Ich dachte, dass die ganzen Streitigkeiten stattfanden, weil wir zu unterschiedlich und gleich stur sind. Jetzt wird mir auch klar, dass es ihrerseits so gut wie nie Liebe war. Nicht dauerhaft und beidseitig. Was gibt Sie mir? Hin und wieder mal guten 6 und das wars schon. Ach und Sie kümmert sich gut um die Kinder.
Übrigens: Wir sind jetzt fast 12 Jahre zusammen. Und ich hätte da damals die Trennung nur gewollt, weil sie nie wirklich eine echte Nähe zwischen uns zugelassen hat. Es war wohl mehr eine Trotzreaktion und mein Ego, hier zu schreiben, dass ich es gefeiert hätte.
Ja, und jetzt kommt auf beiden Seiten ein Besitzdenken und Verlustängste hinzu. Die Kinder und unser Verantwortungsbewusstsein waren das, was uns noch zusammengehalten hat.
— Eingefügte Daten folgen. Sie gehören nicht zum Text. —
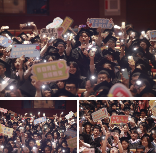 卢爱刚、席景奇逐一为毕业生拨穗正冠,颁发学位证书,并送上殷殷嘱托与衷心祝福,毕业生们与台上老师深情拥抱致谢。
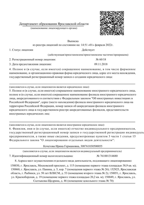 1.1. Положение об оказании платных образовательных услуг у ИП Кочетова И.Г. (далее – Положение) определяет порядок оказания платных образовательных услуг у ИП Кочетова И.Г. (далее ИП Кочетова И.Г.). 1.2. Положение создано на основании Федерального закона №273-ФЗ от 29.12.2012г. «Об образовании в Российской Федерации», Постановления Правительства Российской Федерации от 15 августа 2017г. № 706 «Об утверждении правил оказания платных образовательных услуг». 2. Основные понятия, используемые в Положении 2.1. В настоящем положении используются следующие понятия: 2.1.1. Дополнительная общеобразовательная программа (далее - Образовательная программа) - комплекс основных характеристик образования (объём, содержание, планируемые результаты). 2.1.2. Обучение - процесс овладения иностранным языком, реализуемый с использованием образовательных программ ИП Кочетова И.Г. (ЦРР «Знаечка») (далее – Организация). 2.1.3. Обучающийся - лицо в возрасте от 1 года и старше, зачисляемое на обучение по Образовательной программе организации. 2.1.4. Организация – ИП Кочетова И.Г. 2.1.5. Заказчик - родитель (законный представитель) несовершеннолетнего Обучающегося 2.1.6. Исполнитель - Организация, осуществляющая образовательную деятельность и предоставляющая платные образовательные услуги Обучающемуся. 2.1.7. Договор об оказании платных образовательных услуг за счёт средств физических и (или) юридических лиц (далее – Договор) – документ, заключаемый в простой письменной форме между Обучающимся и (или) Заказчиком с одной стороны и Организацией с другой стороны в порядке и на основаниях определённых Законом об образовании. 2.1.8. Образовательный процесс - практическая реализация Образовательной программы для Обучающегося с использованием материально-технического обеспечения оценочных и методических материалов и педагогических работников Организации. 2.1.9. Образовательные услуги (далее –Услуги) - возмездная деятельность организации по реализации Образовательных программ и организации образовательного процесса. 2.1.10. Учебный год - условный временной период, в течение которого возможна реализация рабочих программ учебных курсов (разделов, модулей) Образовательной программы, зафиксированный в календарном учебном графике. 3. Порядок оказания услуг в Организации 3.1. Образовательные услуги в Организации оплачиваются Заказчиком в соответствии с условиями договора на обучение. 3.2. Объём и условиях, предоставляемых Образовательных услуг прописанные в Договоре на обучение. 3.3. Организация обязана обеспечить Заказчику оказание платных Образовательных услуг в полном объёме в соответствии с образовательными программами (частью образовательной программы) и условиями договора. 3.4. Представитель Организации обязан довести до Заказчика информацию, содержащую сведения о предоставлении платных Образовательных услуг в порядке и объёме, которые предусмотрены законом Российской Федерации «О защите прав потребителей» и Федеральным Законом «Об образовании в Российской Федерации». 4. Ответственность Организации и Заказчика 4.1. За неисполнение либо ненадлежащее исполнение обязательств по Договору Исполнитель и Заказчик несут ответственность, предусмотренную Договором и Законодательством Российской Федерации. 4.2. При обнаружении недостатка платных Образовательных услуг, в том числе 
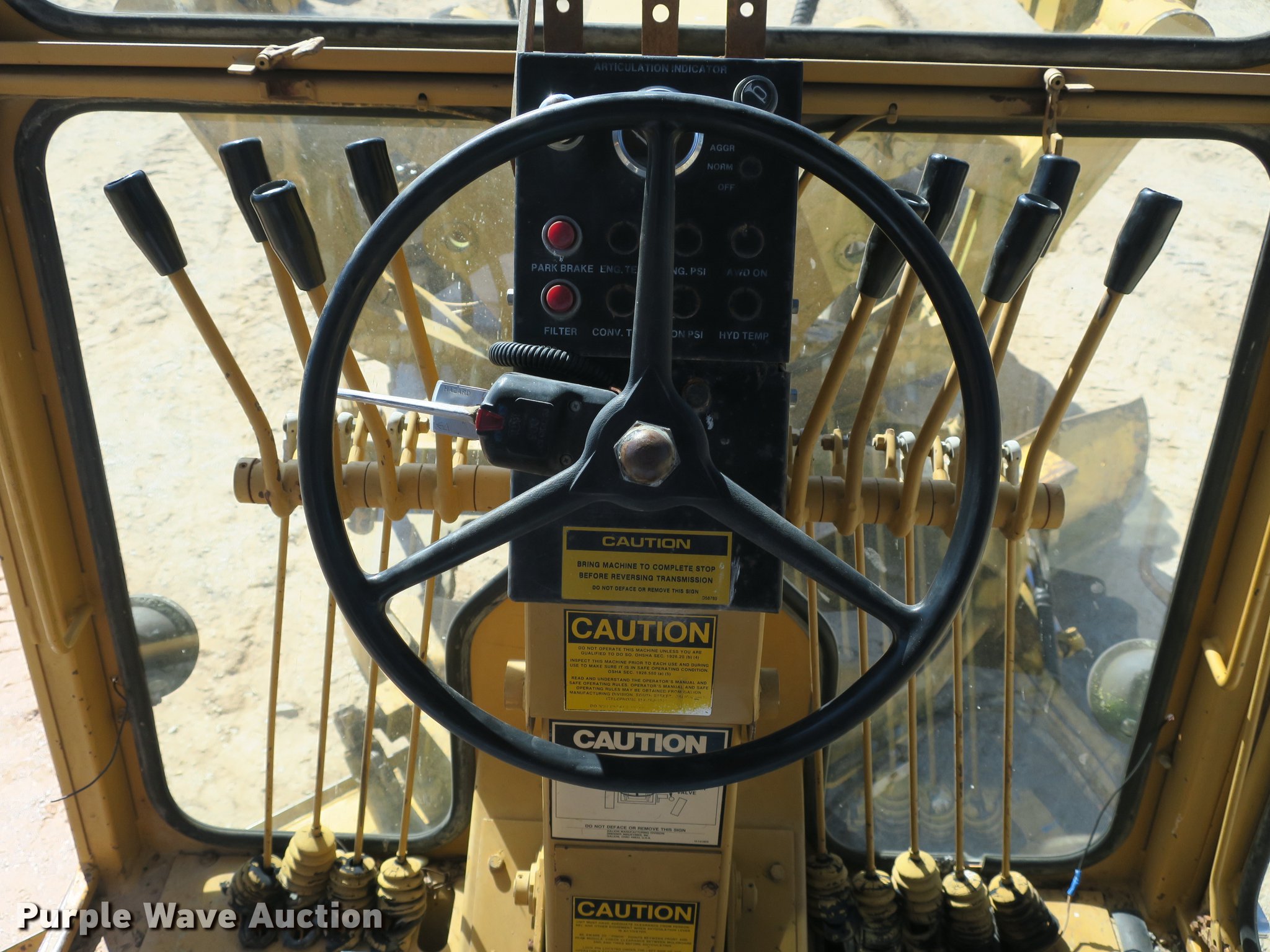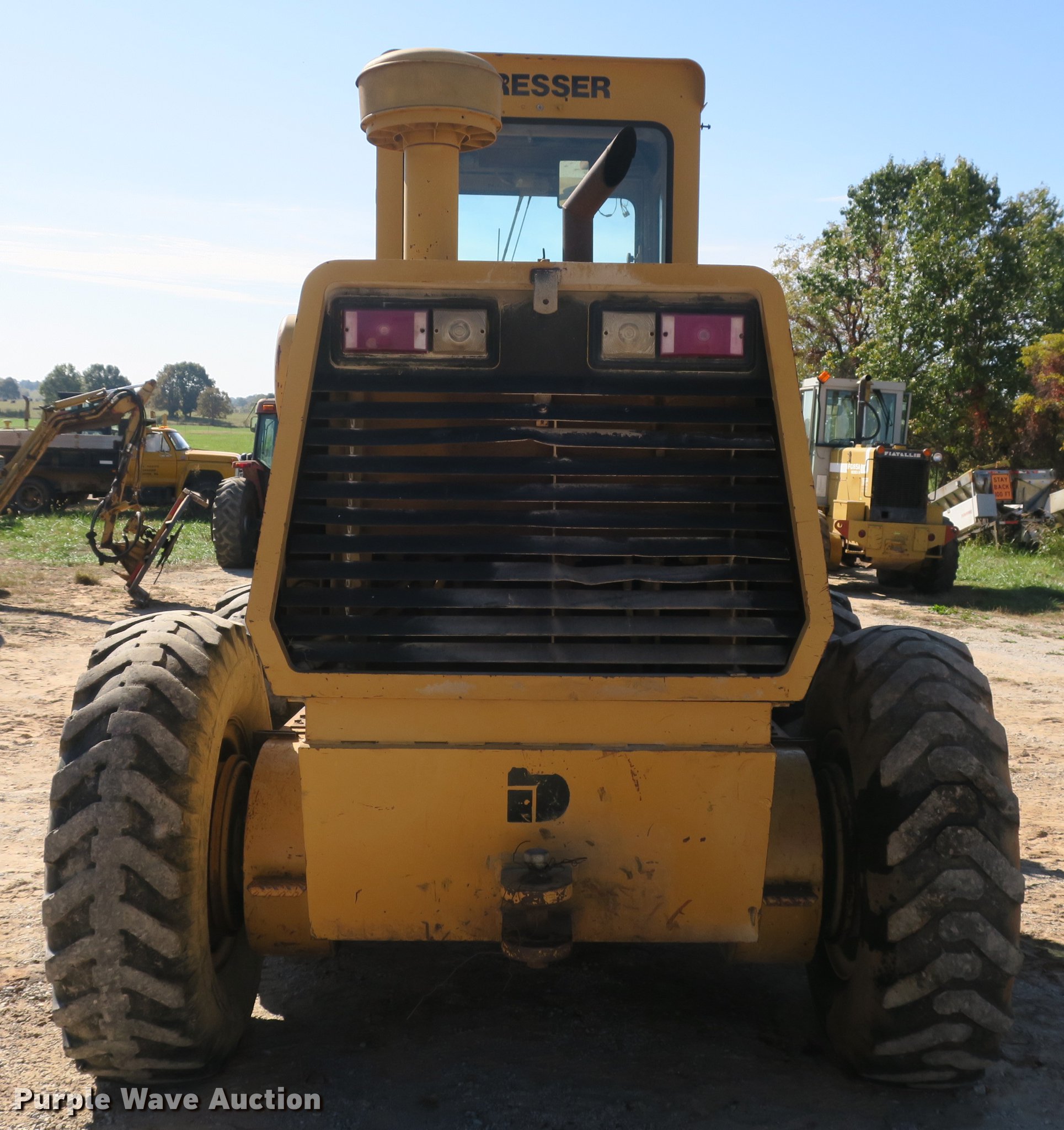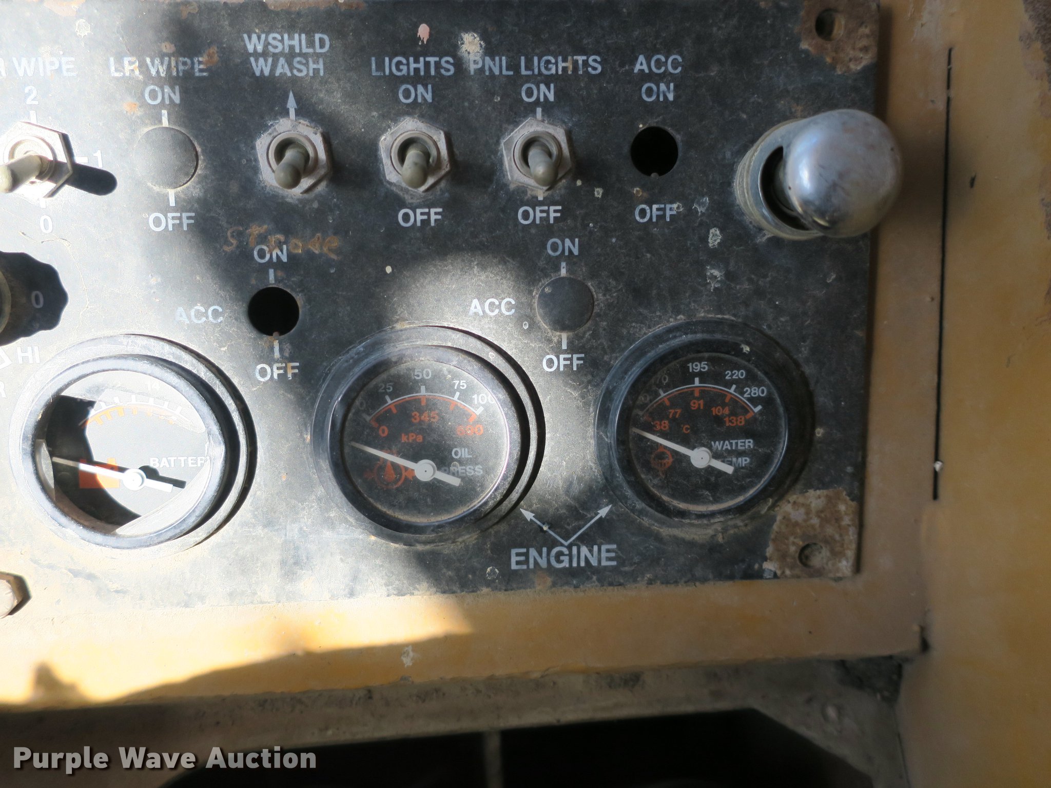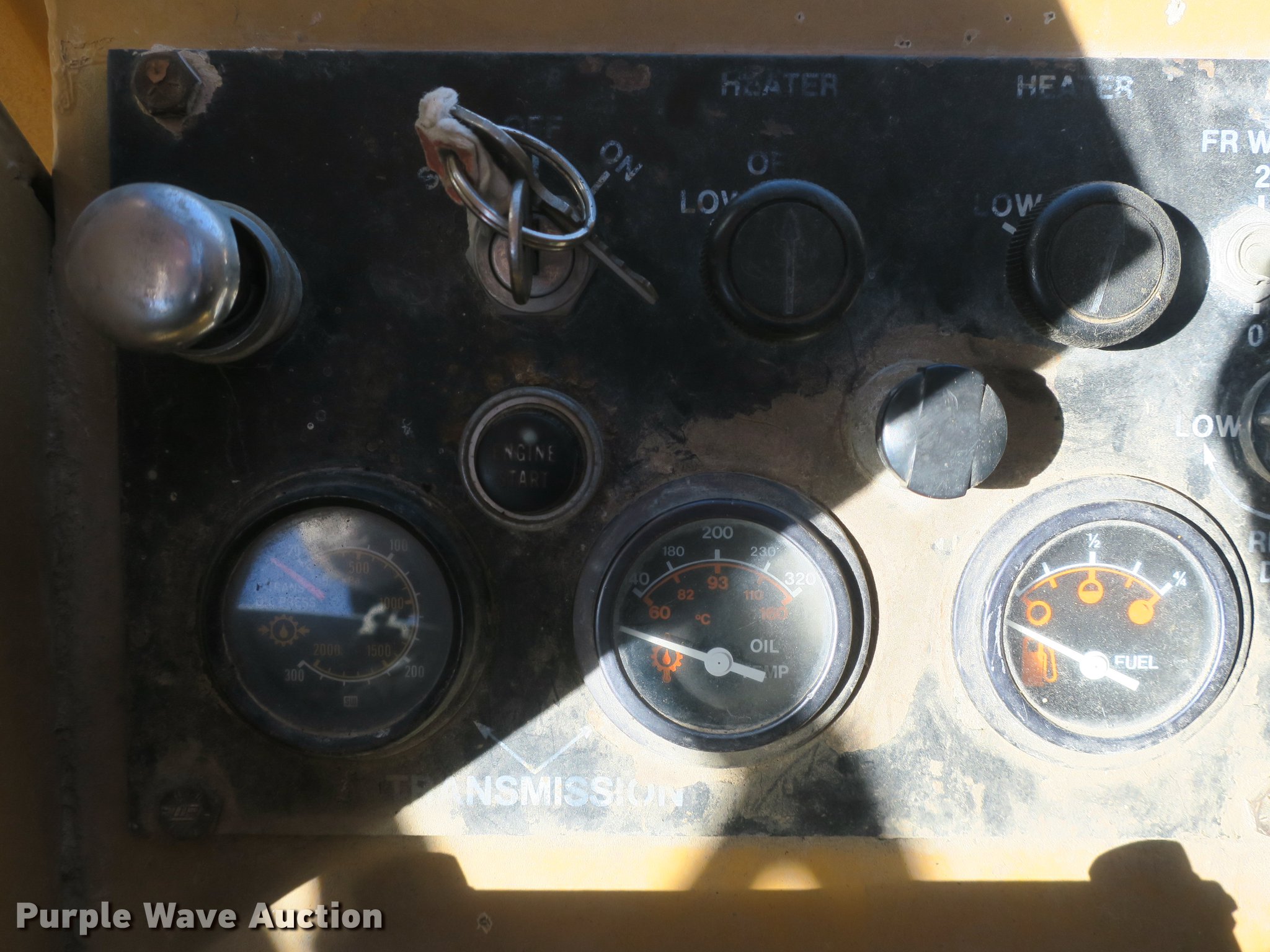 Purple Wave is selling a used Motor Grader in Missouri. This item is a 1987 Dresser A500E motor grader with the following: 1,126 hours on meter, Six cylinder turbo diesel engine, Powershift transmission, 6F-3R gears, EROPS, Heat, Suspension seat, Eight control valves, Front and rear work lights, 14'W scarifier moldboard, Tip control, Side shift, 14.00-24 tires, Brake issues, Right rear fluid leak, Engine issues, Left side control valves leak, Serial G8100020100122

Die Konversation hier hat mir die Augen geöffnet. Ich denke, egal wann Sie mir innerhalb der 12 Jahre gebeichtet hätten, dass sie mich nicht mehr liebt, ich hätte zu jedem Zeitpunkt so reagiert wie jetzt. Nur jetzt fühlt es sich ernst an. Sie sagt zwar in den letzten Tagen immer wieder, dass sie mich doch noch liebt, aber sie verhält sich nicht so. Ich kann spüren, dass alles anders ist. Ich beobachte ihr Verhalten jetzt ganz genau und merke immer mehr, dass da keine Liebesanzeichen sind.
Ja, ich muss sie wohl oder übel gehen lassen. Und daran arbeiten, meine Panik in den Griff zu bekommen. Ja, ich weiß, es wird hart, aber ich kann nicht mehr mit jemandem zusammen sein, der mich nicht liebt.